*WORK INSTRUCTIONS:* Return the run of lines below that opens with the line containing "現場為位於馬鞍山郊野公園內的" and closes with the line containing "French feudal coin", keeping each one exact.

+++ EXTRACTED INFORMATION +++

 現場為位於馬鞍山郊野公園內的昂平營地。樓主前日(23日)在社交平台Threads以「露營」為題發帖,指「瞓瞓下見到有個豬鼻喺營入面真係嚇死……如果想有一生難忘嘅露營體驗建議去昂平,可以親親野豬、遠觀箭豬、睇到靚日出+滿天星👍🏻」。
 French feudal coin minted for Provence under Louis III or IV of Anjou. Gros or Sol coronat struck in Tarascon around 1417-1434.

+++
+++ EXTRACTED INFORMATION +++

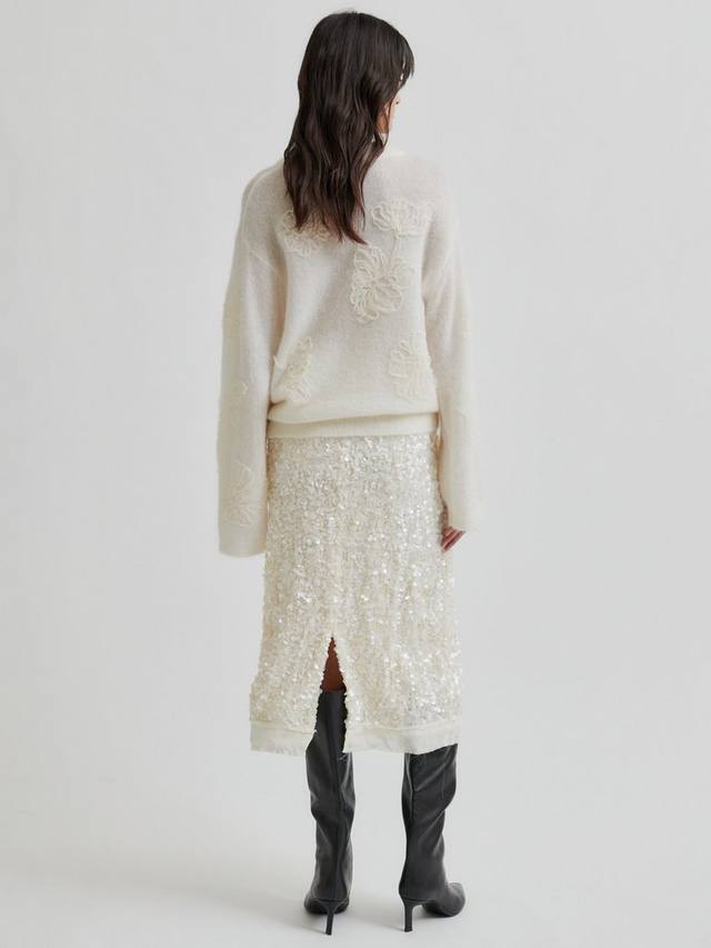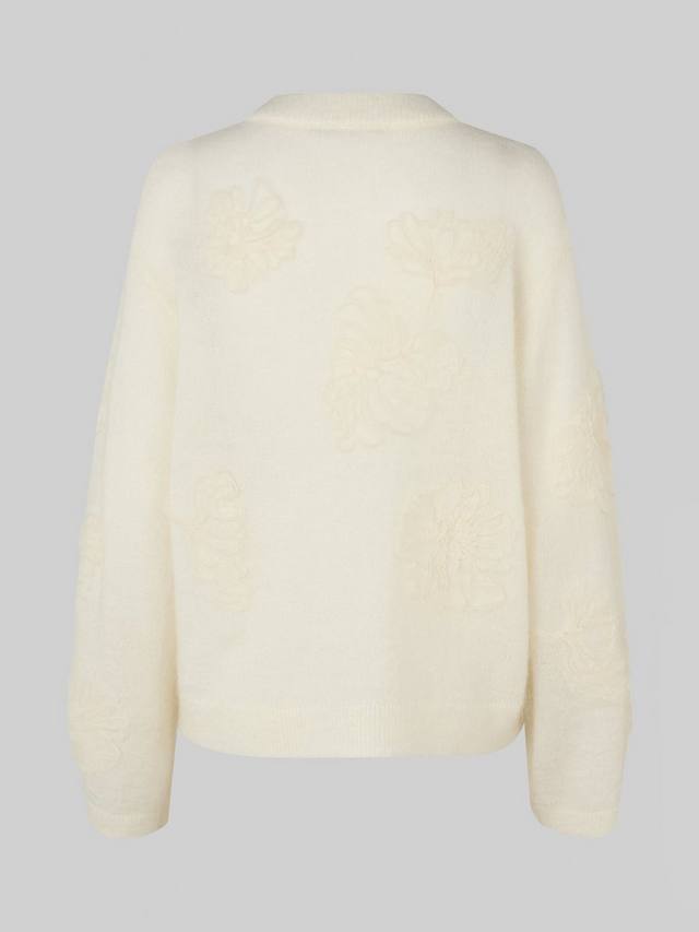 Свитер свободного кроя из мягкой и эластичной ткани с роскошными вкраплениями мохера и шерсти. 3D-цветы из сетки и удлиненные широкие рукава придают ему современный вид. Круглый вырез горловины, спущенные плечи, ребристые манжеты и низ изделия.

+++
+++ EXTRACTED INFORMATION +++

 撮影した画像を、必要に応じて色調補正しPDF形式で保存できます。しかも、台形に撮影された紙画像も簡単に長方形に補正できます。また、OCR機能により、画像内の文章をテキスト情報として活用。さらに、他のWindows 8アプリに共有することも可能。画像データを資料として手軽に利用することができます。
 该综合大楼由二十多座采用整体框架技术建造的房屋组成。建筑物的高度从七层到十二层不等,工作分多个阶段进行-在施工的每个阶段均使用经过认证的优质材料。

+++

*ANSWER SECTION:*
 現場為位於馬鞍山郊野公園內的昂平營地。樓主前日(23日)在社交平台Threads以「露營」為題發帖,指「瞓瞓下見到有個豬鼻喺營入面真係嚇死……如果想有一生難忘嘅露營體驗建議去昂平,可以親親野豬、遠觀箭豬、睇到靚日出+滿天星👍🏻」。
 French feudal coin minted for Provence under Louis III or IV of Anjou. Gros or Sol coronat struck in Tarascon around 1417-1434.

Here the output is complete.